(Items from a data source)
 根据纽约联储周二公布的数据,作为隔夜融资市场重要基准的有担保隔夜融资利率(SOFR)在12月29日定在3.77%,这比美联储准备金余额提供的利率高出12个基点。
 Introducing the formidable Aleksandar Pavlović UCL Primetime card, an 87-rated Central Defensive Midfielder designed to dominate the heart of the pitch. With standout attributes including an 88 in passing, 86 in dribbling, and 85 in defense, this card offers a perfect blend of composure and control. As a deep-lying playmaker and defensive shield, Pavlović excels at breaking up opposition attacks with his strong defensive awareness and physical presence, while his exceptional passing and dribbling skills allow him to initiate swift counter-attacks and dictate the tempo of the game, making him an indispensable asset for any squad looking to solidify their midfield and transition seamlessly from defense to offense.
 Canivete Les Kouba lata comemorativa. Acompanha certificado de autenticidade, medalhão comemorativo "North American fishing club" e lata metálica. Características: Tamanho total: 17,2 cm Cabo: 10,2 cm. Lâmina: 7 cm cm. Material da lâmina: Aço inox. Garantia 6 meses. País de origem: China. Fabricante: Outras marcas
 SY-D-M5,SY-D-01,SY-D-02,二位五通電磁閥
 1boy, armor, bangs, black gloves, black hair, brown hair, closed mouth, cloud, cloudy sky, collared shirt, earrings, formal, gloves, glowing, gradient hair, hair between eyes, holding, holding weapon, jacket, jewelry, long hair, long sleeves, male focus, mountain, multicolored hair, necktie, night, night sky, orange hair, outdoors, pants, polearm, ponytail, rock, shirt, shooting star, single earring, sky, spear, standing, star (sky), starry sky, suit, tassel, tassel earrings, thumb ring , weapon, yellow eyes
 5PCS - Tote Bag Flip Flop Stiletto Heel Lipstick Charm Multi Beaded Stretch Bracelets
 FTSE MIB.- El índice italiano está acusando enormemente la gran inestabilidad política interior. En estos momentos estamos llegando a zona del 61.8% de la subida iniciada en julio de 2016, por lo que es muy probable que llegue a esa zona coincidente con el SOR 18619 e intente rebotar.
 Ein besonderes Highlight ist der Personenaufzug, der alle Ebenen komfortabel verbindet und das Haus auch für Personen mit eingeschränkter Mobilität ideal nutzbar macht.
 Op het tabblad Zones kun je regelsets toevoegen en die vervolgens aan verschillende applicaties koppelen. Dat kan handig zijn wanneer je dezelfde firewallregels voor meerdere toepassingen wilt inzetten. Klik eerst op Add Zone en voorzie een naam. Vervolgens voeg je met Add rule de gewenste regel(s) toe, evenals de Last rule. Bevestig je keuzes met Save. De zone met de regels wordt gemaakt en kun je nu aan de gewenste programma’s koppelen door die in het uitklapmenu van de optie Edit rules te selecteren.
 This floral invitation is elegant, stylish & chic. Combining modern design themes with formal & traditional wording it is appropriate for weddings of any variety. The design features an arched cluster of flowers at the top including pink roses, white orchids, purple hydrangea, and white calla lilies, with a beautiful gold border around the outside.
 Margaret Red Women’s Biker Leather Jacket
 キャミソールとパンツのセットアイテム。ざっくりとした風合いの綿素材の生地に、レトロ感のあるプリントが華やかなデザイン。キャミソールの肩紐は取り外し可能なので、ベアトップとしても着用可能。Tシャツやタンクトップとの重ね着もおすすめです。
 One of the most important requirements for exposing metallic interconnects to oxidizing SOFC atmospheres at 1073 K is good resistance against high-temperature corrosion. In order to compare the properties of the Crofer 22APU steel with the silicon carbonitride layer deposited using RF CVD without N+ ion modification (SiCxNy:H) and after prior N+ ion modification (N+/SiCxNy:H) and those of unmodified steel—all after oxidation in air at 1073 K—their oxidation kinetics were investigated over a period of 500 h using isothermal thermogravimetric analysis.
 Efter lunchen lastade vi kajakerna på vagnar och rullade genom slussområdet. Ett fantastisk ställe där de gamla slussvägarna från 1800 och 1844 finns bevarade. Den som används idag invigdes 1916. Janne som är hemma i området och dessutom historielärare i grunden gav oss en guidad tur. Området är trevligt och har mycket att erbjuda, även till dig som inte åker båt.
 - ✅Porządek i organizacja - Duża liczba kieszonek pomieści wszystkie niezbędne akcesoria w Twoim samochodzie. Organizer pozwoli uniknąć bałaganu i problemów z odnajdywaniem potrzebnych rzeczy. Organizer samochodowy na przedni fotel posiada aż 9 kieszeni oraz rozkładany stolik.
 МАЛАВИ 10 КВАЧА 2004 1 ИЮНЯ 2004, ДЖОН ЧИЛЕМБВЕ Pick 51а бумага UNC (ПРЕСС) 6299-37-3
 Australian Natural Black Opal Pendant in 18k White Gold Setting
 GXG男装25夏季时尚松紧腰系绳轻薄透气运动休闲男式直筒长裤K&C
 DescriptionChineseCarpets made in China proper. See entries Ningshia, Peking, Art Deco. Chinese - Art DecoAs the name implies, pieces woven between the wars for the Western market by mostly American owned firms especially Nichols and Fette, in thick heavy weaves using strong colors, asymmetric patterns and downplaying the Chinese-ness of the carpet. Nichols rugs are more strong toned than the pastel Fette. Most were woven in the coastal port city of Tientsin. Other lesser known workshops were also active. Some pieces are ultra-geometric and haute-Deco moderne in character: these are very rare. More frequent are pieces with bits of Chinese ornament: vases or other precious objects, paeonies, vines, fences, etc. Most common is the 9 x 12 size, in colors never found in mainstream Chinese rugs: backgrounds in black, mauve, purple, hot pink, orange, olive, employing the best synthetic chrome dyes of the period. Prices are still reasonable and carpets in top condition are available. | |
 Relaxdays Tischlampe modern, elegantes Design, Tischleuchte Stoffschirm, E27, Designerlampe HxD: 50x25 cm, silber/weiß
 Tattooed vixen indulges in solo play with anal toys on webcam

• PROBLEM REQUIREMENTS:
Write out all records exactly, keeping every detail.

• ANSWER FOR THE TASK:
 根据纽约联储周二公布的数据,作为隔夜融资市场重要基准的有担保隔夜融资利率(SOFR)在12月29日定在3.77%,这比美联储准备金余额提供的利率高出12个基点。
 Introducing the formidable Aleksandar Pavlović UCL Primetime card, an 87-rated Central Defensive Midfielder designed to dominate the heart of the pitch. With standout attributes including an 88 in passing, 86 in dribbling, and 85 in defense, this card offers a perfect blend of composure and control. As a deep-lying playmaker and defensive shield, Pavlović excels at breaking up opposition attacks with his strong defensive awareness and physical presence, while his exceptional passing and dribbling skills allow him to initiate swift counter-attacks and dictate the tempo of the game, making him an indispensable asset for any squad looking to solidify their midfield and transition seamlessly from defense to offense.
 Canivete Les Kouba lata comemorativa. Acompanha certificado de autenticidade, medalhão comemorativo "North American fishing club" e lata metálica. Características: Tamanho total: 17,2 cm Cabo: 10,2 cm. Lâmina: 7 cm cm. Material da lâmina: Aço inox. Garantia 6 meses. País de origem: China. Fabricante: Outras marcas
 SY-D-M5,SY-D-01,SY-D-02,二位五通電磁閥
 1boy, armor, bangs, black gloves, black hair, brown hair, closed mouth, cloud, cloudy sky, collared shirt, earrings, formal, gloves, glowing, gradient hair, hair between eyes, holding, holding weapon, jacket, jewelry, long hair, long sleeves, male focus, mountain, multicolored hair, necktie, night, night sky, orange hair, outdoors, pants, polearm, ponytail, rock, shirt, shooting star, single earring, sky, spear, standing, star (sky), starry sky, suit, tassel, tassel earrings, thumb ring , weapon, yellow eyes
 5PCS - Tote Bag Flip Flop Stiletto Heel Lipstick Charm Multi Beaded Stretch Bracelets
 FTSE MIB.- El índice italiano está acusando enormemente la gran inestabilidad política interior. En estos momentos estamos llegando a zona del 61.8% de la subida iniciada en julio de 2016, por lo que es muy probable que llegue a esa zona coincidente con el SOR 18619 e intente rebotar.
 Ein besonderes Highlight ist der Personenaufzug, der alle Ebenen komfortabel verbindet und das Haus auch für Personen mit eingeschränkter Mobilität ideal nutzbar macht.
 Op het tabblad Zones kun je regelsets toevoegen en die vervolgens aan verschillende applicaties koppelen. Dat kan handig zijn wanneer je dezelfde firewallregels voor meerdere toepassingen wilt inzetten. Klik eerst op Add Zone en voorzie een naam. Vervolgens voeg je met Add rule de gewenste regel(s) toe, evenals de Last rule. Bevestig je keuzes met Save. De zone met de regels wordt gemaakt en kun je nu aan de gewenste programma’s koppelen door die in het uitklapmenu van de optie Edit rules te selecteren.
 This floral invitation is elegant, stylish & chic. Combining modern design themes with formal & traditional wording it is appropriate for weddings of any variety. The design features an arched cluster of flowers at the top including pink roses, white orchids, purple hydrangea, and white calla lilies, with a beautiful gold border around the outside.
 Margaret Red Women’s Biker Leather Jacket
 キャミソールとパンツのセットアイテム。ざっくりとした風合いの綿素材の生地に、レトロ感のあるプリントが華やかなデザイン。キャミソールの肩紐は取り外し可能なので、ベアトップとしても着用可能。Tシャツやタンクトップとの重ね着もおすすめです。
 One of the most important requirements for exposing metallic interconnects to oxidizing SOFC atmospheres at 1073 K is good resistance against high-temperature corrosion. In order to compare the properties of the Crofer 22APU steel with the silicon carbonitride layer deposited using RF CVD without N+ ion modification (SiCxNy:H) and after prior N+ ion modification (N+/SiCxNy:H) and those of unmodified steel—all after oxidation in air at 1073 K—their oxidation kinetics were investigated over a period of 500 h using isothermal thermogravimetric analysis.
 Efter lunchen lastade vi kajakerna på vagnar och rullade genom slussområdet. Ett fantastisk ställe där de gamla slussvägarna från 1800 och 1844 finns bevarade. Den som används idag invigdes 1916. Janne som är hemma i området och dessutom historielärare i grunden gav oss en guidad tur. Området är trevligt och har mycket att erbjuda, även till dig som inte åker båt.
 - ✅Porządek i organizacja - Duża liczba kieszonek pomieści wszystkie niezbędne akcesoria w Twoim samochodzie. Organizer pozwoli uniknąć bałaganu i problemów z odnajdywaniem potrzebnych rzeczy. Organizer samochodowy na przedni fotel posiada aż 9 kieszeni oraz rozkładany stolik.
 МАЛАВИ 10 КВАЧА 2004 1 ИЮНЯ 2004, ДЖОН ЧИЛЕМБВЕ Pick 51а бумага UNC (ПРЕСС) 6299-37-3
 Australian Natural Black Opal Pendant in 18k White Gold Setting
 GXG男装25夏季时尚松紧腰系绳轻薄透气运动休闲男式直筒长裤K&C
 DescriptionChineseCarpets made in China proper. See entries Ningshia, Peking, Art Deco. Chinese - Art DecoAs the name implies, pieces woven between the wars for the Western market by mostly American owned firms especially Nichols and Fette, in thick heavy weaves using strong colors, asymmetric patterns and downplaying the Chinese-ness of the carpet. Nichols rugs are more strong toned than the pastel Fette. Most were woven in the coastal port city of Tientsin. Other lesser known workshops were also active. Some pieces are ultra-geometric and haute-Deco moderne in character: these are very rare. More frequent are pieces with bits of Chinese ornament: vases or other precious objects, paeonies, vines, fences, etc. Most common is the 9 x 12 size, in colors never found in mainstream Chinese rugs: backgrounds in black, mauve, purple, hot pink, orange, olive, employing the best synthetic chrome dyes of the period. Prices are still reasonable and carpets in top condition are available. | |
 Relaxdays Tischlampe modern, elegantes Design, Tischleuchte Stoffschirm, E27, Designerlampe HxD: 50x25 cm, silber/weiß
 Tattooed vixen indulges in solo play with anal toys on webcam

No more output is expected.